Salesforce boots SAP from customer-wrangling software top slot
SaaS outsold on-premises in 2012, says Gartner
Software-as-a-service provider Salesforce has beaten on-premises incumbents to become the biggest provider of customer relationship management (CRM) software.
CRM software is used to organise and automate customer service, marketing and sales.
Marc Benioff’s company stole the number-one spot from SAP last year, beating the company on growth and market share, according to latest numbers from Gartner.
Salesforce’s CRM business made $2.52bn in revenues in 2012 - giving it 14 per cent of the CRM market and a growth of 26 per cent.
SAP made $2.32bn but was more or less flat, with just 0.1 per cent growth, with the company carving out 12.9 per cent of the CRM pie.

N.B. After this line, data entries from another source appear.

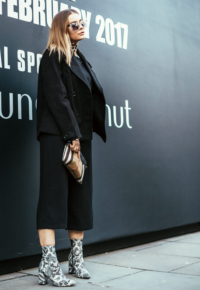 올 블랙 룩에 섹시한 파이톤 소재의 앵클부츠를 매치한 패셔너블한 런더너의 센스.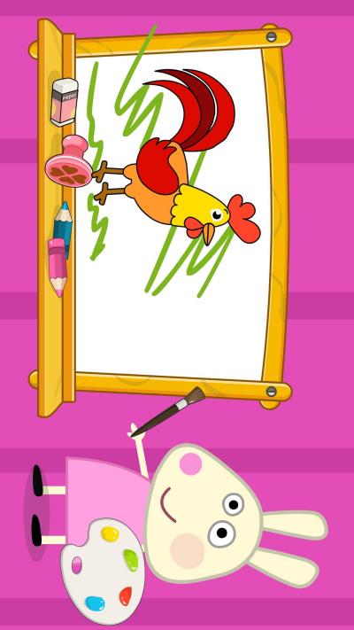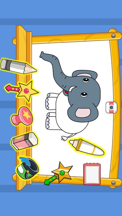 2.图形填色,有5大类图形,动物、家具、建筑、交通工具和植物,可自由在图形上填色上色,并且可以播放动画。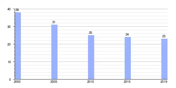 | Gráfica de evolución demográfica de Penarrubia (aldea) entre 2000 y 2019 |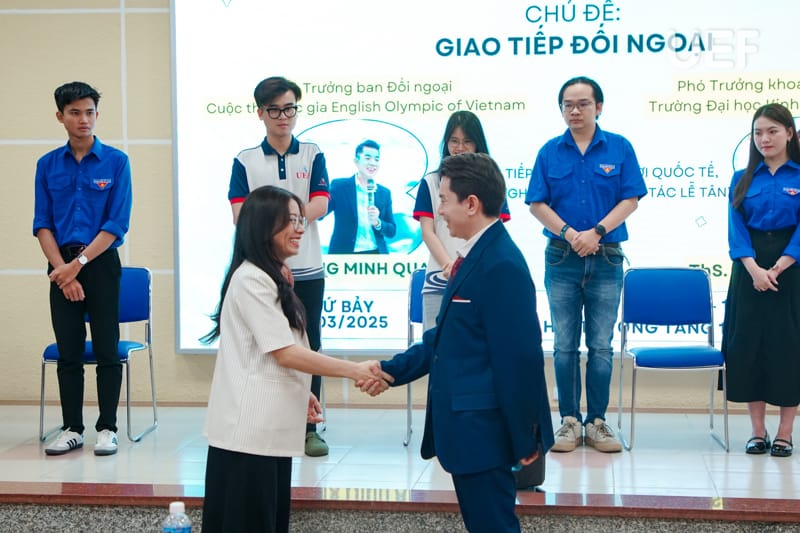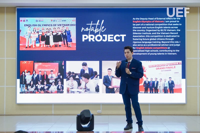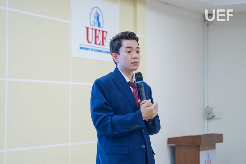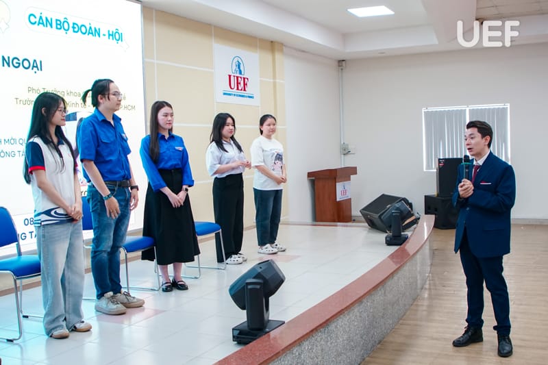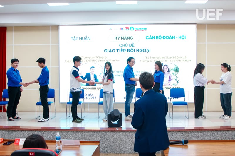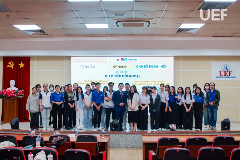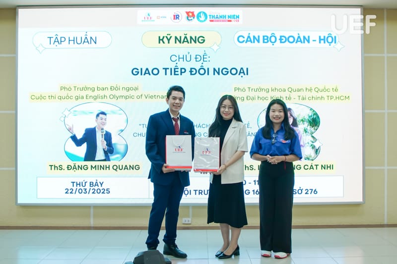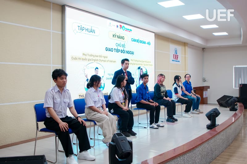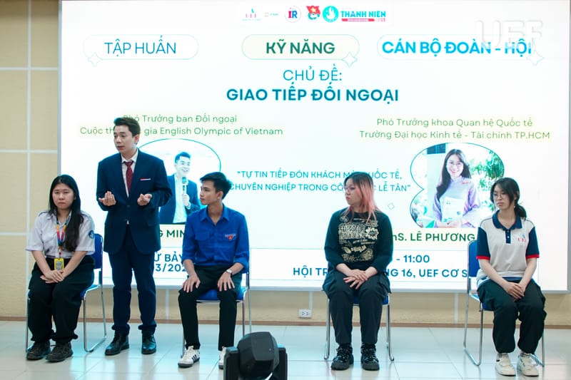 Chương trình giúp UEFers nâng cao kỹ năng giao tiếp và xử lý tình huống chuyên nghiệpDiễn giả của buổi tập huấn là ThS. Đặng Minh Quang - Phó Trưởng ban Đối ngoại của cuộc thi quốc gia English Olympic of Vietnam. Đồng hành với khách mời và sinh viên là ThS. Lê Phương Cát Nhi - Phó Trưởng khoa Quan hệ quốc tế.

Gartner attributed the strong performance to intense competition for the so-called mid-market, a strong opportunity outside the saturated "enterprise", as well as the fact that SAP’s revenue figures had been handicapped by the weakened euro.
SAP remained the single largest CRM company in Western and Eastern Europe, Gartner said. On a worldwide basis, CRM software revenue grew 12.5 per cent to $18bn, and CRM grew three times the average for all enterprise software – that includes operating systems, productivity, ERP and security software.
Joanne Correia, Gartner vice president, said in a statement: “Competition among CRM software vendors really heated up in 2012, as major players continued to vie for broader market penetration internationally and more widespread adoption within midsize to large enterprises.”
The news means, by default, Salesforce is also bigger on an individual basis than than Larry Ellison’s Oracle and also larger than Microsoft and IBM.
Ellison, who has been champing at the bit to rob SAP of its title as world’s largest maker of business software by selling more Oracle CRM and ERP, made just $2bn on the CRM front during 2012. Oracle outsold SAP, growing 7.8 per cent, but Oracle still took substantially less of the whole market - 11.1 per cent, according to Gartner.